■ **Data excerpts**
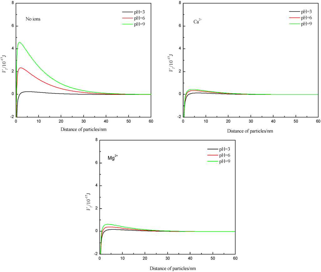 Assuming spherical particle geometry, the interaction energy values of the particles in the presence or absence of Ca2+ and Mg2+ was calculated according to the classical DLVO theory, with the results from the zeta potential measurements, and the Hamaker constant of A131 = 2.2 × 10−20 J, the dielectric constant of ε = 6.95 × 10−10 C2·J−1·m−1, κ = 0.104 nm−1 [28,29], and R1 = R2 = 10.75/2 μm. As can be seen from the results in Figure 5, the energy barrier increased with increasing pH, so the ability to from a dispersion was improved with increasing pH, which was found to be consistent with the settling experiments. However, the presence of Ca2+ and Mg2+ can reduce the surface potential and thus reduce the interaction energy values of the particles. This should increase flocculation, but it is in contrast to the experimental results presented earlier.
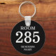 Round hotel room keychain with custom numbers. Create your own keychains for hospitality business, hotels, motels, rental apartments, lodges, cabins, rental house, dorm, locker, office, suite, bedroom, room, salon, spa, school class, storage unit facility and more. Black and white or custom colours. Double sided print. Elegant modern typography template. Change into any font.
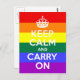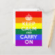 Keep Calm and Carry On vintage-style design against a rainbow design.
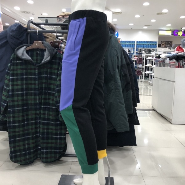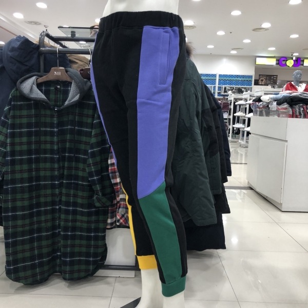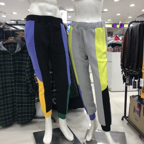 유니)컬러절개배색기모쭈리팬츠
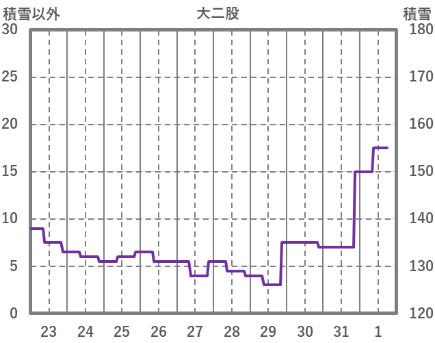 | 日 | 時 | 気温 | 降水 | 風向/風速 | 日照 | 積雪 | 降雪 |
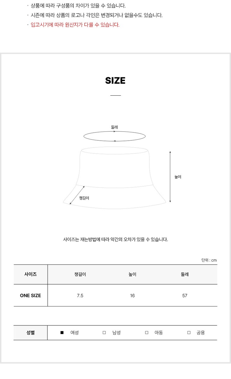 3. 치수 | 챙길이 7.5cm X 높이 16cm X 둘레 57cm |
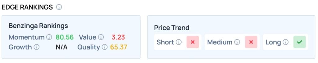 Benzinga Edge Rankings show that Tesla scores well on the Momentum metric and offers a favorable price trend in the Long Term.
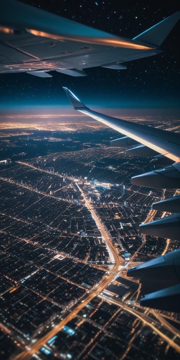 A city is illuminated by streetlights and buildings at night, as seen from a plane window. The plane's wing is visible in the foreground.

* * *

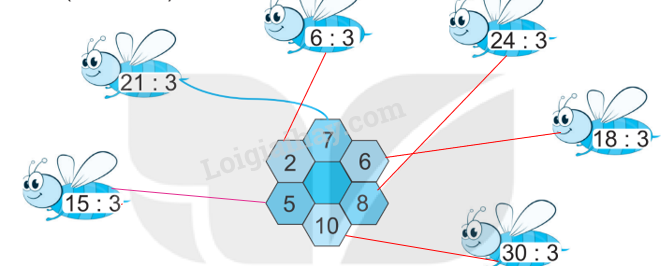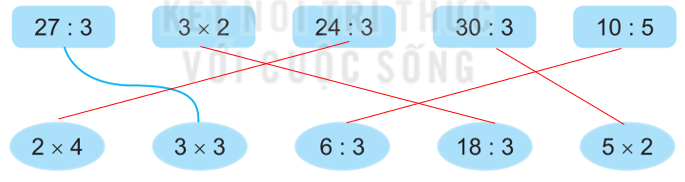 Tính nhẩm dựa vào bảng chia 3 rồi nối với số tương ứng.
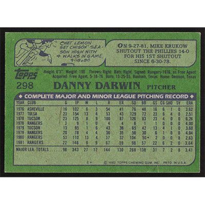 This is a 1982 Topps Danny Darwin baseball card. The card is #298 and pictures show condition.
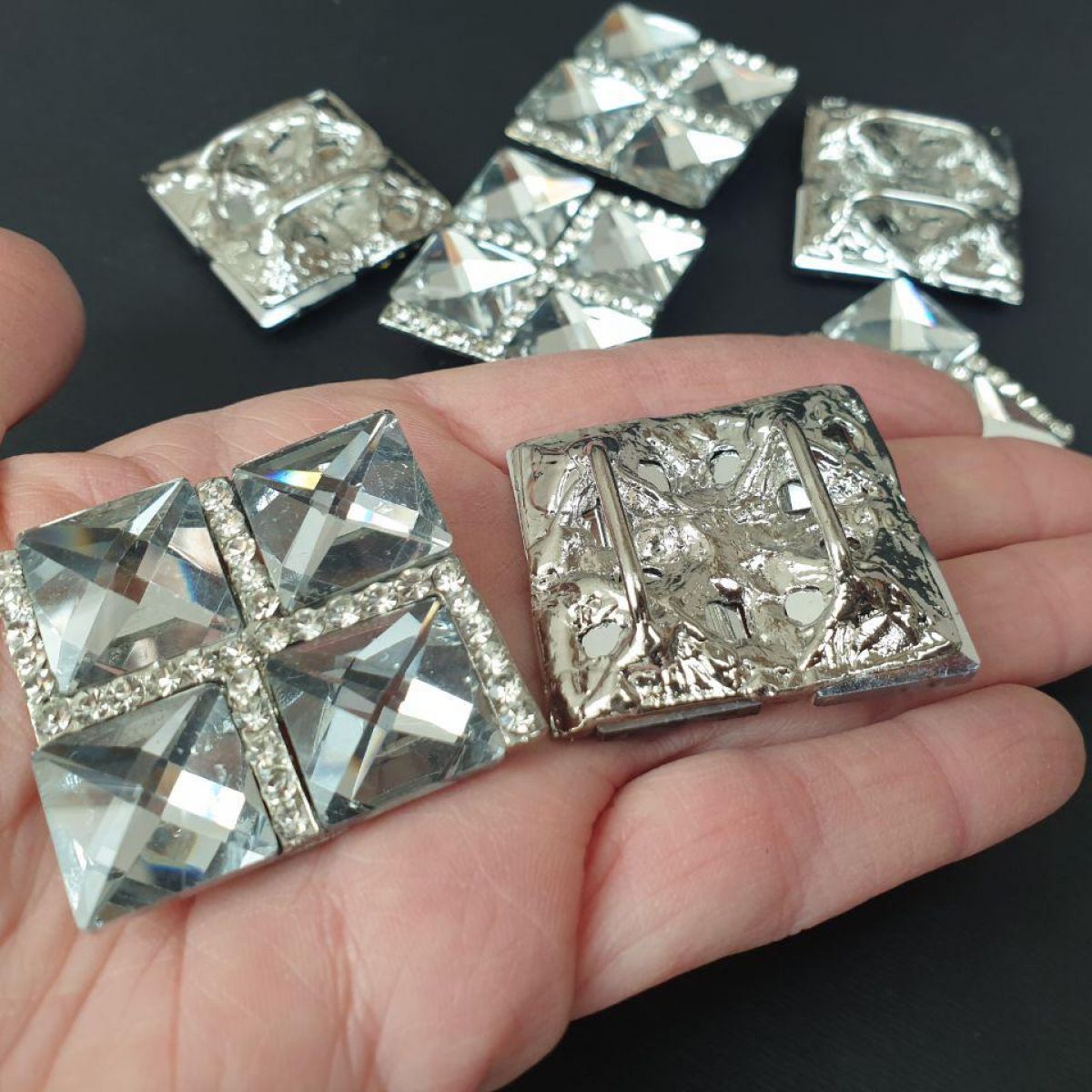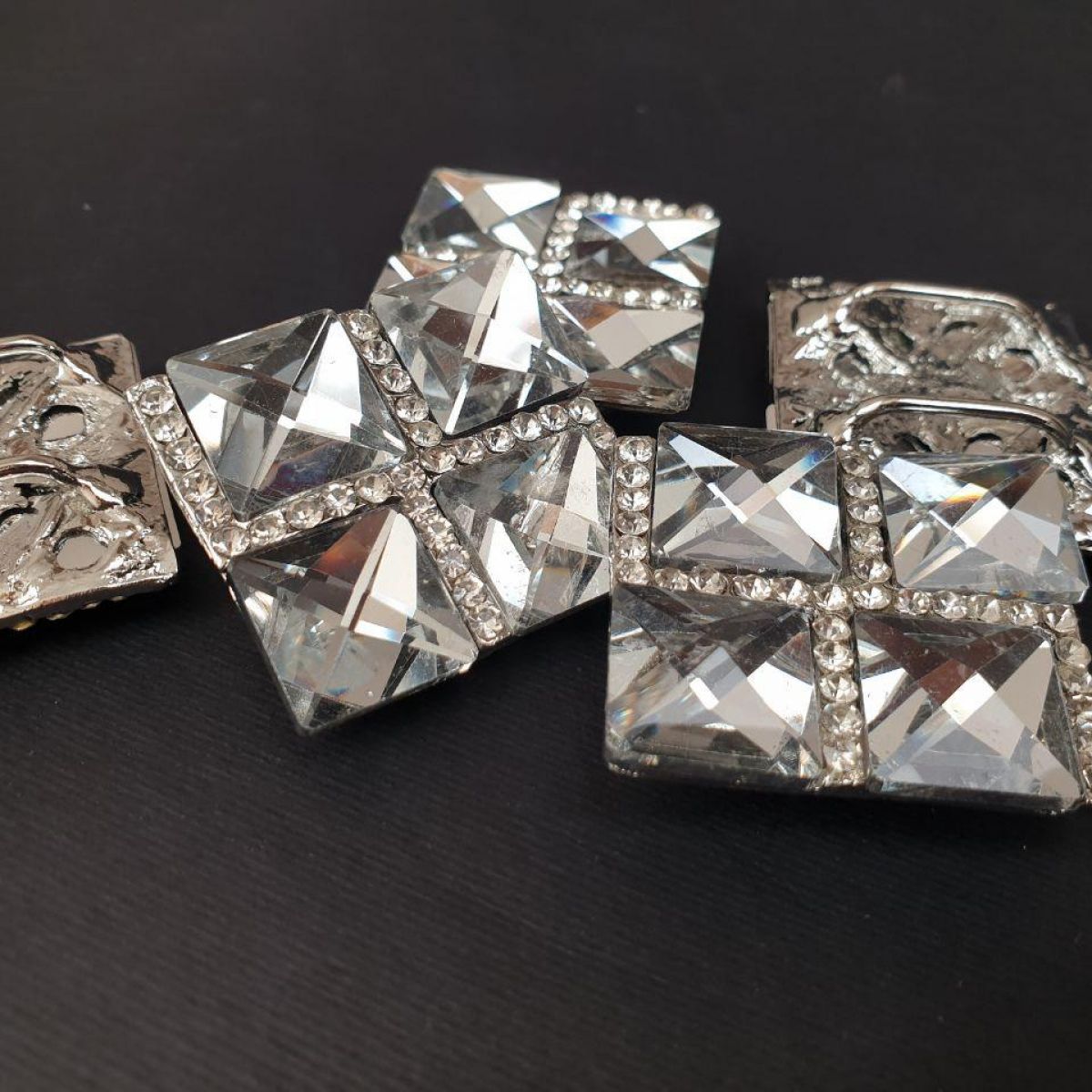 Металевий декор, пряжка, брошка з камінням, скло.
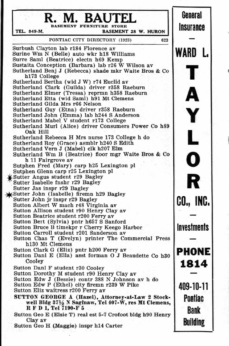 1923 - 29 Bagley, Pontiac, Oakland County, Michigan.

==

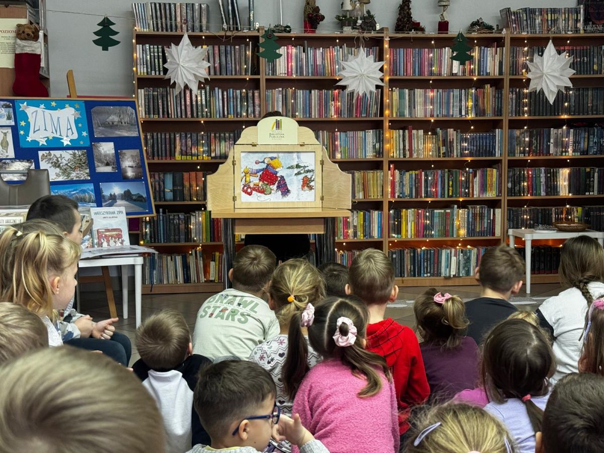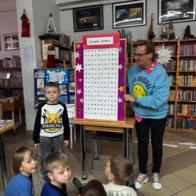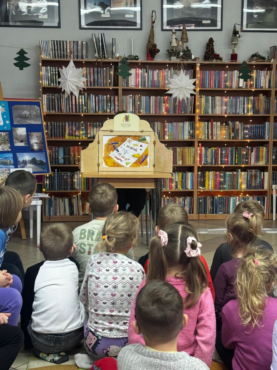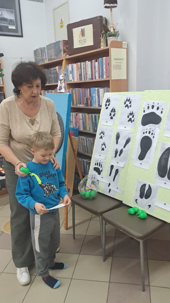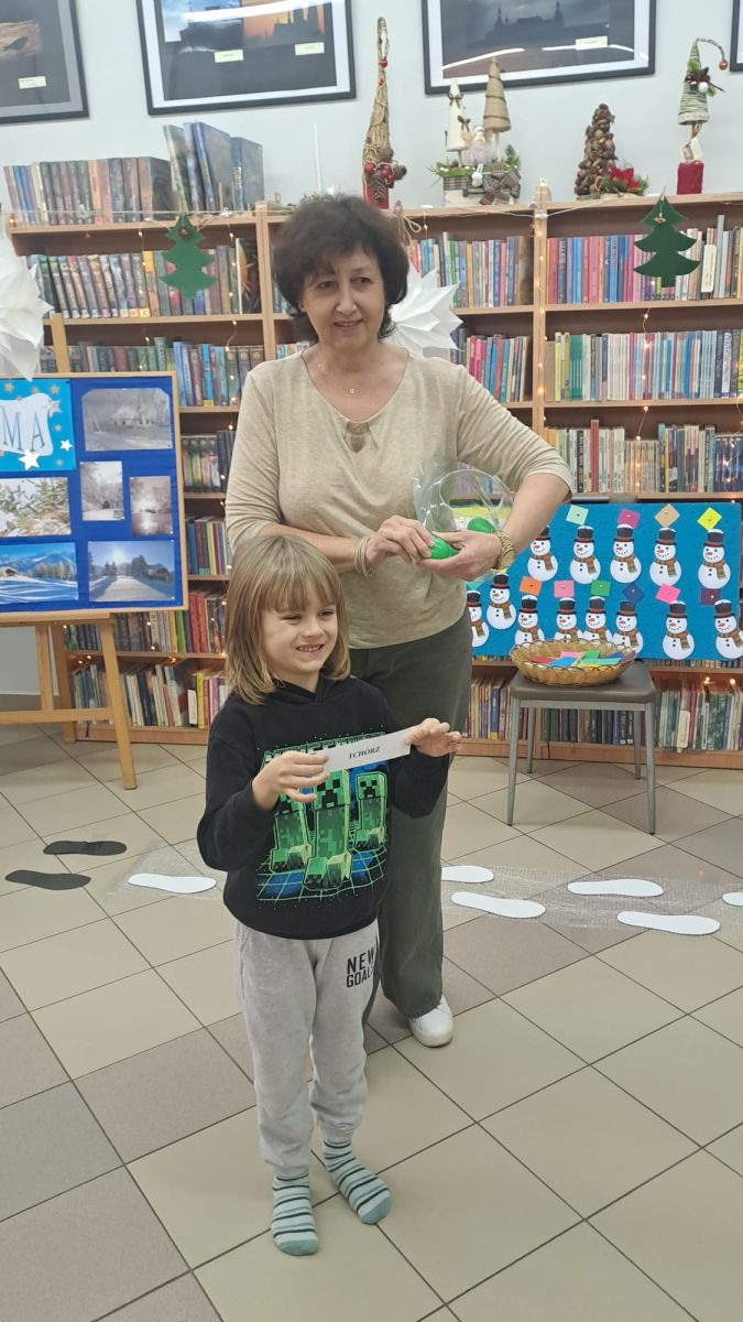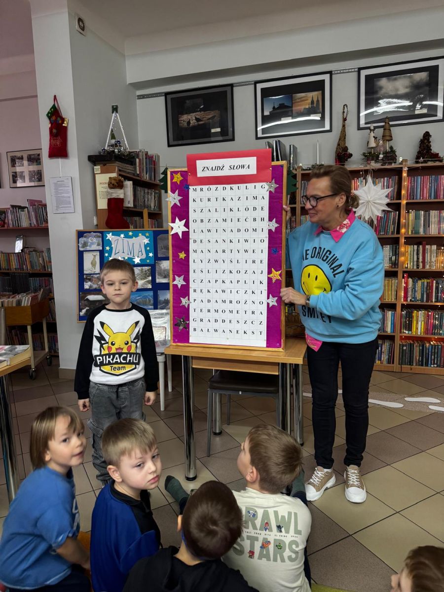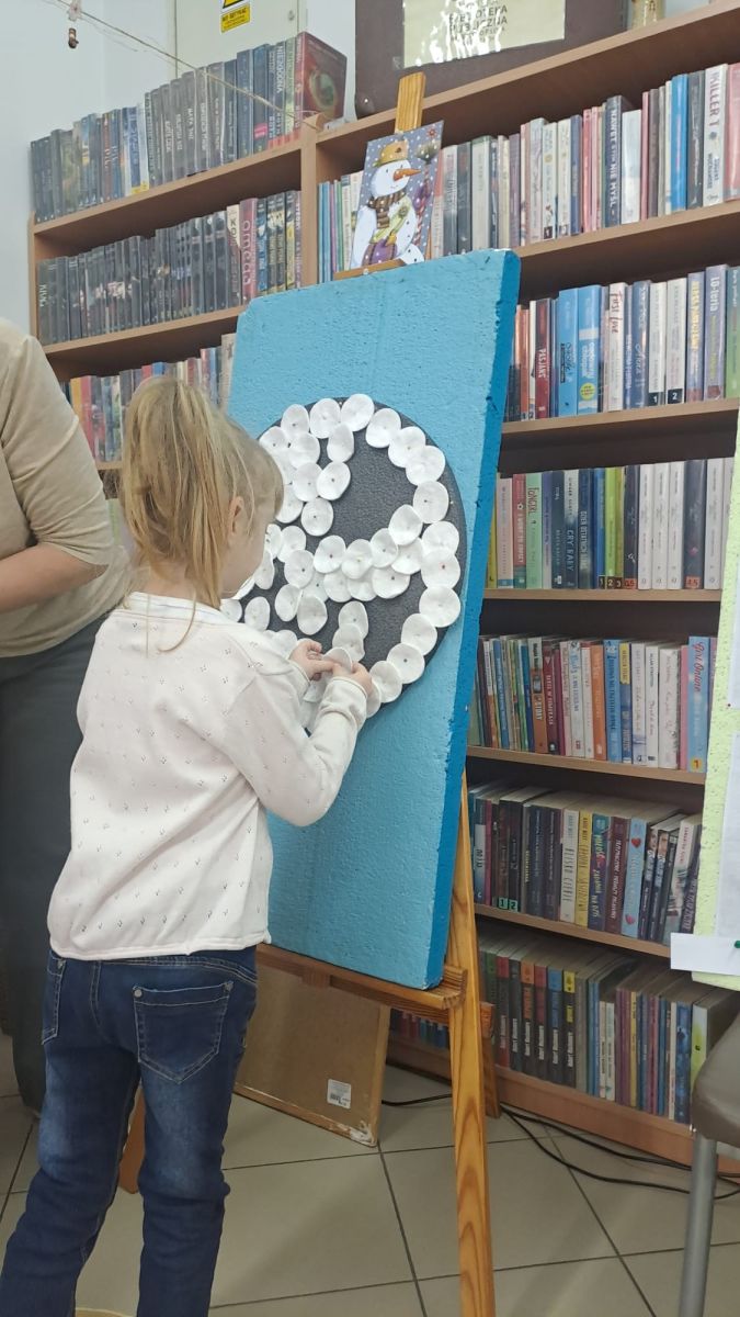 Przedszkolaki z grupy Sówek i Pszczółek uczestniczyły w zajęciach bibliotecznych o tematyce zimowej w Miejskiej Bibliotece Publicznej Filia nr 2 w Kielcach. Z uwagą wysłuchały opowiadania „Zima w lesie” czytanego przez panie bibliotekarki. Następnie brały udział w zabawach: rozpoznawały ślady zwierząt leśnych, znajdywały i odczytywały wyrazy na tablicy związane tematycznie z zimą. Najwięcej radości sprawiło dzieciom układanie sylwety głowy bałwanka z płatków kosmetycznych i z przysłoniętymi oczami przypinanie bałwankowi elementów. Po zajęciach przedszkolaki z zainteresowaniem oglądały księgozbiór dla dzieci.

■ **Your goal**
Looking above, find the stretch of lines that opens with the one holding "Assuming spherical particle" and closes with the one holding "A city is illuminated". Copy it exactly, pictures excluded.

■ **Response to the task**
 Assuming spherical particle geometry, the interaction energy values of the particles in the presence or absence of Ca2+ and Mg2+ was calculated according to the classical DLVO theory, with the results from the zeta potential measurements, and the Hamaker constant of A131 = 2.2 × 10−20 J, the dielectric constant of ε = 6.95 × 10−10 C2·J−1·m−1, κ = 0.104 nm−1 [28,29], and R1 = R2 = 10.75/2 μm. As can be seen from the results in Figure 5, the energy barrier increased with increasing pH, so the ability to from a dispersion was improved with increasing pH, which was found to be consistent with the settling experiments. However, the presence of Ca2+ and Mg2+ can reduce the surface potential and thus reduce the interaction energy values of the particles. This should increase flocculation, but it is in contrast to the experimental results presented earlier.
 Round hotel room keychain with custom numbers. Create your own keychains for hospitality business, hotels, motels, rental apartments, lodges, cabins, rental house, dorm, locker, office, suite, bedroom, room, salon, spa, school class, storage unit facility and more. Black and white or custom colours. Double sided print. Elegant modern typography template. Change into any font.
 Keep Calm and Carry On vintage-style design against a rainbow design.
 유니)컬러절개배색기모쭈리팬츠
 | 日 | 時 | 気温 | 降水 | 風向/風速 | 日照 | 積雪 | 降雪 |
 3. 치수 | 챙길이 7.5cm X 높이 16cm X 둘레 57cm |
 Benzinga Edge Rankings show that Tesla scores well on the Momentum metric and offers a favorable price trend in the Long Term.
 A city is illuminated by streetlights and buildings at night, as seen from a plane window. The plane's wing is visible in the foreground.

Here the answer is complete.